Copyright (c) 2009, Muhammad Anwarul Azim
All rights reserved.
Redistribution and use in source and binary forms, with or without
modification, are permitted provided that the following conditions are
met:
* Redistributions of source code must retain the above copyright
notice, this list of conditions and the following disclaimer.
* Redistributions in binary form must reproduce the above copyright
notice, this list of conditions and the following disclaimer in
the documentation and/or other materials provided with the distribution
* Neither the name of the Saitama University nor the names
of its contributors may be used to endorse or promote products derived
from this software without specific prior written permission.

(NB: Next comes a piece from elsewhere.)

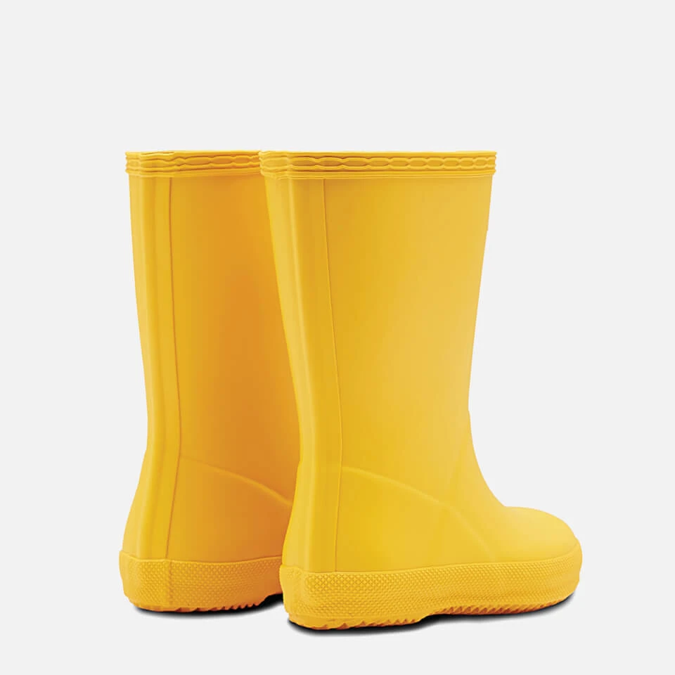 Bright yellow Hunter wellies designed for little feet. Fully waterproof, the wellington boots are handcrafted from natural rubber with a flat sole and a rounded toe to give feet room to move. Lined with soft cotton for comfort.

THIS SOFTWARE IS PROVIDED BY THE COPYRIGHT HOLDERS AND CONTRIBUTORS "AS IS" AND ANY EXPRESS OR IMPLIED WARRANTIES, INCLUDING, BUT NOT LIMITED TO, THE IMPLIED WARRANTIES OF MERCHANTABILITY AND FITNESS FOR A PARTICULAR PURPOSE ARE DISCLAIMED. IN NO EVENT SHALL THE COPYRIGHT OWNER OR CONTRIBUTORS BE LIABLE FOR ANY DIRECT, INDIRECT, INCIDENTAL, SPECIAL, EXEMPLARY, OR CONSEQUENTIAL DAMAGES (INCLUDING, BUT NOT LIMITED TO, PROCUREMENT OF SUBSTITUTE GOODS OR SERVICES; LOSS OF USE, DATA, OR PROFITS; OR BUSINESS INTERRUPTION) HOWEVER CAUSED AND ON ANY THEORY OF LIABILITY, WHETHER IN CONTRACT, STRICT LIABILITY, OR TORT (INCLUDING NEGLIGENCE OR OTHERWISE) ARISING IN ANY WAY OUT OF THE USE OF THIS SOFTWARE, EVEN IF ADVISED OF THE POSSIBILITY OF SUCH DAMAGE.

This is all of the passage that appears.